Test	Baseline	1mo Post-RT	6mos Post-RT	12mos Post-RT	18mos Post-RT	Direction	P-value
HVLT-R total recall	4	10	10	27	27	Improved	0.021
HVLT-R delayed recall	1	2	3	10	12	Improved	0.005
Trail making part A	64	39	51	35	32	Improved	0.159
Trail making part B	235	145	250	105	92	Improved	0.188
COWAT	3	27	5	20	23	Improved	0.500
MDASI-BT	72	58	94	5	0	Improved	0.104
QLQ-C30	41	57	69	32	28	Improved	0.274
QLQ-BN20	35	38	37	26	23	Improved	0.028

Several tests of neurocognition were obtained from baseline up through 18 months post-RT. Two-sided P-values are provided and bolded if they reached statistical significance at a Bonferroni-corrected α of 0.006.

DISCUSSION

HDACis are epigenetic drugs that may play a targeted role in patients with IDH1mut tumors. In this report, we present the single subject from a pilot study with an IDH1mut secondary glioblastoma who was treated with HDACi belinostat.

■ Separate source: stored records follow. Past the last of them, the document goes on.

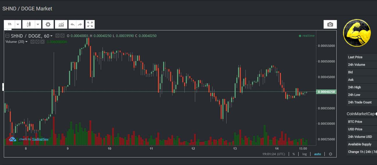 그런데 SHND 코인 1개의 가격은.... 0.0004 DOGE
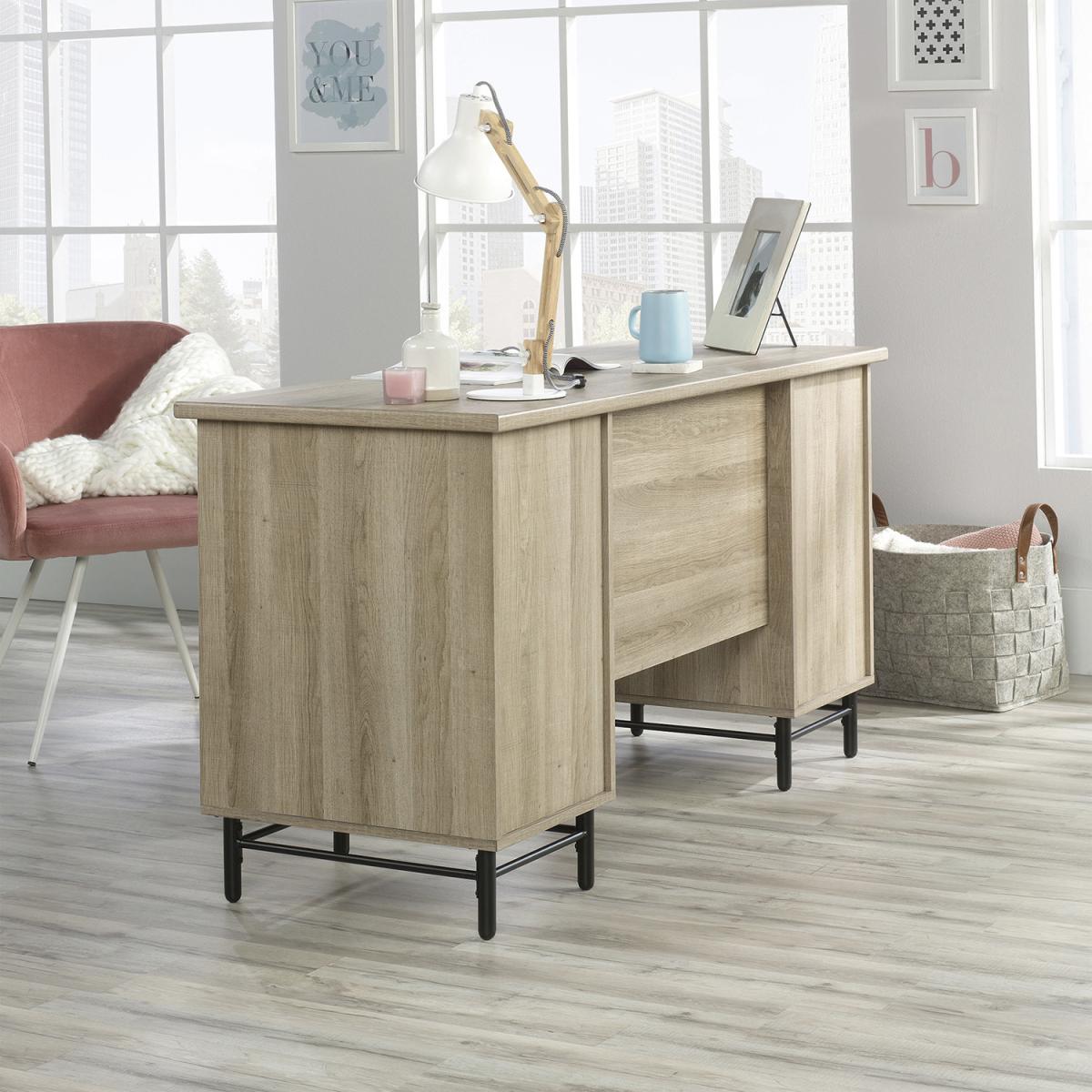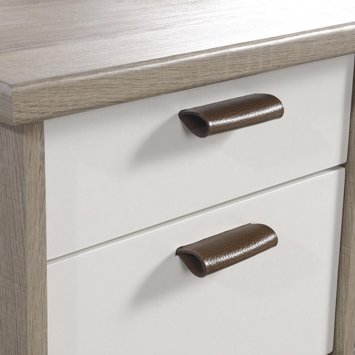The Teknik Avon Leather Handled Desk is a charming and delightfully contrasting coloured option for all styles of office and colour schemes. This fresh and modern styled desk benefits from a large desktop working surface in Sky Oak effect finish which provides more than ample space for writing and computer work. It also includes two file drawers with full extension slides for holding letter-size hanging files as well as four storage drawers featuring metal runners with safety stops in a beautiful contrasting white accent. The drawer fronts also feature an ununusal yet stunning addition of drawer pulls in durable brown leather for an extra touch of class. The desk top has grommet holes for electrical cord access to ensure you can wire up your necessary hardware in a neat and orderly fashion. Beautifully finished with a powder coated metal base, this desk will blend effortlessly within your working area. This desk also benefits from a 360 degree finish, with the option to be freestanding.
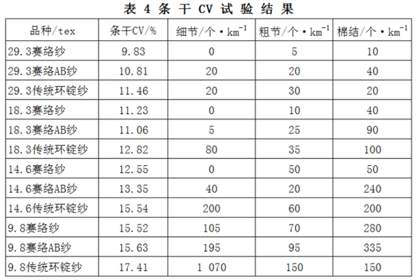 条干CV值试验结果如表4所示。
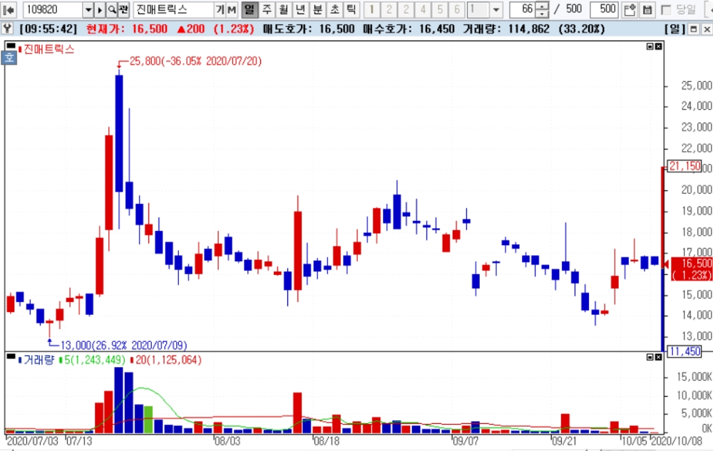 이미지 확대보기오전 9시 57분 현재 진매트릭스는 전일 대비 200원(1.23%) 상승한 1만6500원에 거래 중이다.
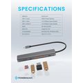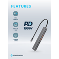 Powerology 6-in-1 Slim USB-C Hub with 4K Ultra HD HDMI, 100W PD, v3.2 10Gbps Super Speed USB-C Data, 2 x v3.2 10Gbps Super Speed USB-C Data, 4K UHD @ 60Hz HDMI, Supports v3.0 MicroSD, Fast Data & Charge - Gray
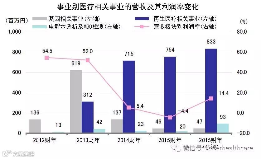 医疗相关事业方面,计划通过再生医疗业务的增长、基因相关业务的成本降低、电解水透析业务的正式上马等工作,实现整体的盈利。
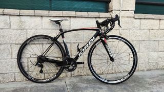 Bicicleta de carretera Jorbi con cuadro completo de carbono. Montada actualmente con desarrollo de escuelas alevín 46x16, se puede incluir bielas originales FSA y piñon 11-27. - Cuadro de carbono completo - Grupo Centaur 11 velocidades - Ruedas de aluminio ligero Cero AR30 casette Campagnolo 16-28 neumáticos Bontrager. - Tija de carbono. Adicionalmente se puede añadir a mayores ruedas de carbono Vision Trimax 35 con buje Shimano 11v y banda de frenado de aluminio. También se podría añadir cassette con desarrollo escuelas 16-27. Preferiblemente venta en persona o entrega en población de posible desplazamiento para carreras de CyL.
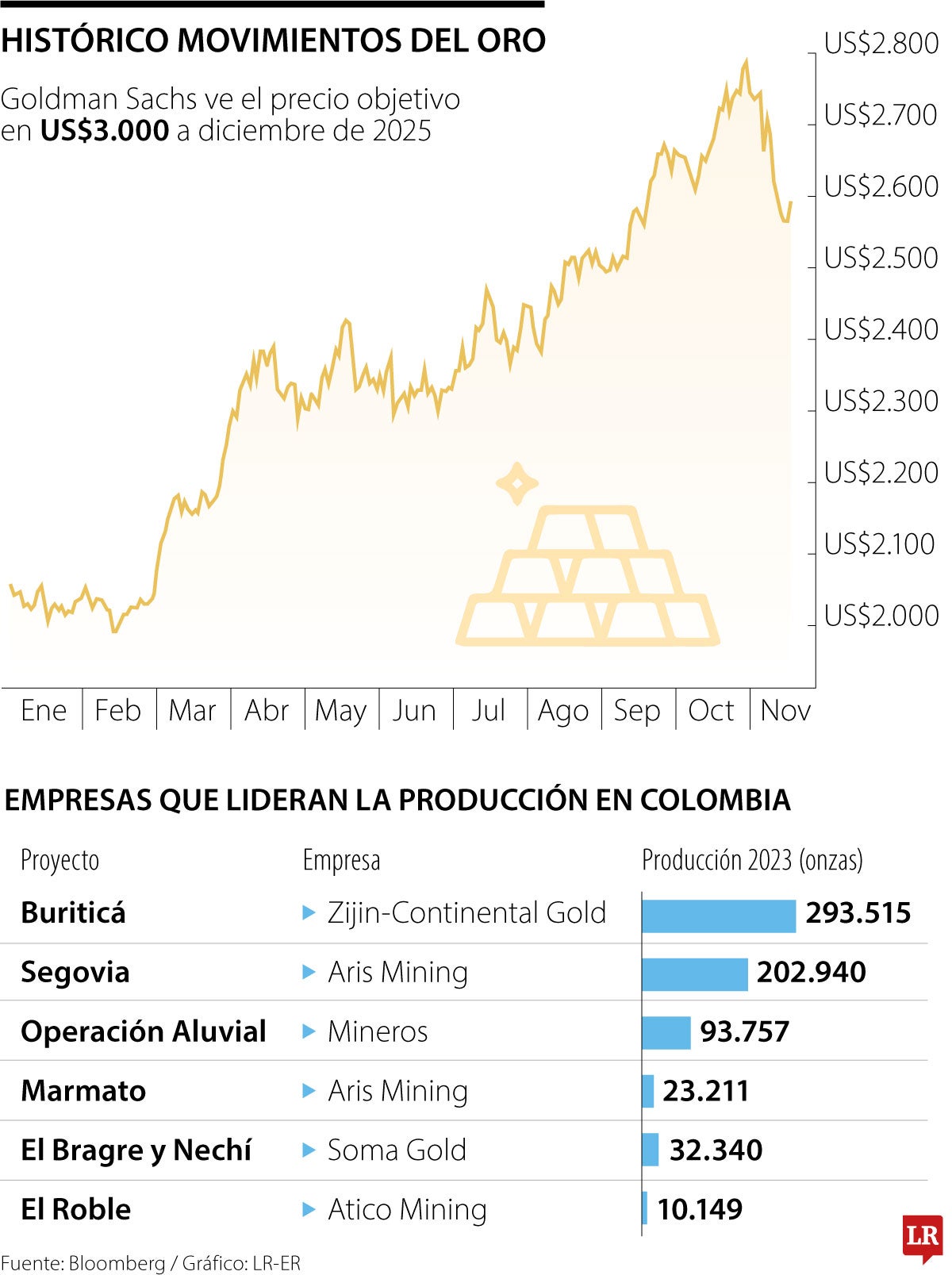 El oro ha protagonizado un fuerte repunte este año (más de US$2.600 ayer) antes de retroceder inmediatamente después de la victoria electoral de Trump, que impulsó al dólar. El avance de la materia prima se ha visto apuntalado por el aumento de las compras del sector oficial y el giro de la Fed hacia una política más expansiva. Goldman dijo que un gobierno de Trump también podría ayudar al lingote.
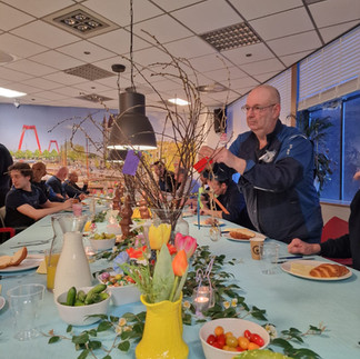 Vorige week is pasen op alle drie de vestigingen uitgebreid gevierd. In de vroege ochtend stond er een heerlijk ontbijtje klaar, compleet met broodjes, croissants, gebak, yoghurt en alles wat je maar kan wensen. En in de nog vroegere ochtend stonden een aantal enthousiaste collega’s klaar om alles voor te bereiden. Zij hebben geholpen met het klaarmaken van de versiering, lekkere pannenkoeken, gebakken eitjes en verse smoothies. Daarna was het tijd om een paaswens voor je collega op te schrijven en kon iedereen genieten van al het lekkers op tafel.
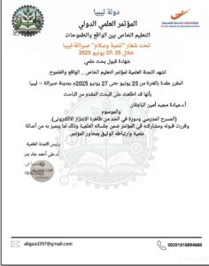 في إطار تعزيز الانفتاح الأكاديمي والتواصل العلمي بين الجامعات العراقية ونظيراتها العربية والدولية، شاركت الأستاذ الدكتورة ميادة مجيد أمين الباجلان، التدريسية في قسم التربية الفنية – كلية الفنون الجميلة ، في أعمال المؤتمر العلمي الإلكتروني بعنوان”التعليم الخاص: الواقع والطموحات”الذي أُقيم في مدينة صبراتة – ليبيا للفترة من 25 إلى 27 حزيران 2025، تحت شعار “تنمية وسلام”.
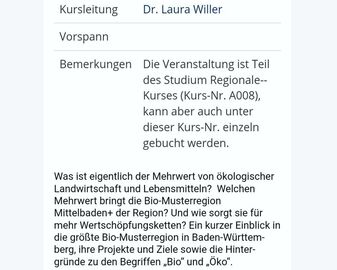 Die 16. FiBL-Wanderstaffel-Auszeichnung (Hintergrund) an die Volkshochschule Baden-Baden fand anlässlich des Studium Regionale-Kurses: „MehrWert in der Bio-Musterregion Mittelbaden+“ statt. Dr. Laura Willer, Regionalmanagerin der Bio-Musterregion Mittelbaden+ gab einen gelungenen Einblick in die größte Bio-Musterregion in Baden-Württemberg, ihre Projekte und Ziele sowie die Hintergründe zu den Begriffen „Bio“ und „Öko“. Der Kurs des Studium Regionale der VHS BAD ermöglichte den Teilnehmer:innen, denen Großteils bisher die Bio-Musterregionen unbekannt waren, Verständnis zu "Was ist eigentlich der Mehrwert ökologischer Landwirtschaft und Lebensmitteln, welchen Mehrwert bringt die Bio-Musterregion Mittelbaden+ der Region und wie sorgt sie für mehr Wertschöpfungsketten?

At baseline, spectroscopic MRI revealed a region of metabolic abnormality that spatially corresponded to the primary and secondary foci of the tumor, but also included the tissue between the two foci. Based on previous imaging-histological correlation [4], high Cho/NAA specifically and sensitively identifies the presence of tumor cells and provides insight into the underlying pathology of infiltration between the two foci on standard imaging.

At baseline, metabolites in the contralateral hemisphere, particularly in the right temporal lobe, showed decreased grey-to-white matter ratios compared to normal subjects, providing imaging evidence that there is altered metabolism in apparently healthy tissue (Fig. 1D). Paracrine signaling from and migration of tumor cells can lead to the activation of inflammatory responses distant from the primary tumor, and it is plausible that the altered metabolism in the contralateral hemisphere is due to this effect. This patient was observed to have restoration of metabolism in the contralateral hemisphere after treatment, with grey-to-white matter ratios comparable with health controls. While this effect could be due in part to reduced tumor burden, belinostat may play a role in further restoring normal metabolism via inhibiting epigenetic modification of 2-HG.

Finally, HDACi have been shown to improve mood and activity in animal models. This patient had a consistent improvement in neurocognition across all testing instruments over 18 months.

These findings suggest that the combination of an HDACi with chemoradiation may be beneficial for patients with a secondary glioblastoma. Additional research is necessary to assess the potential of HDACi therapy, and due to the relatively low incidence of secondary glioblastoma, we encourage the evaluation of such therapies in a multi-institutional study.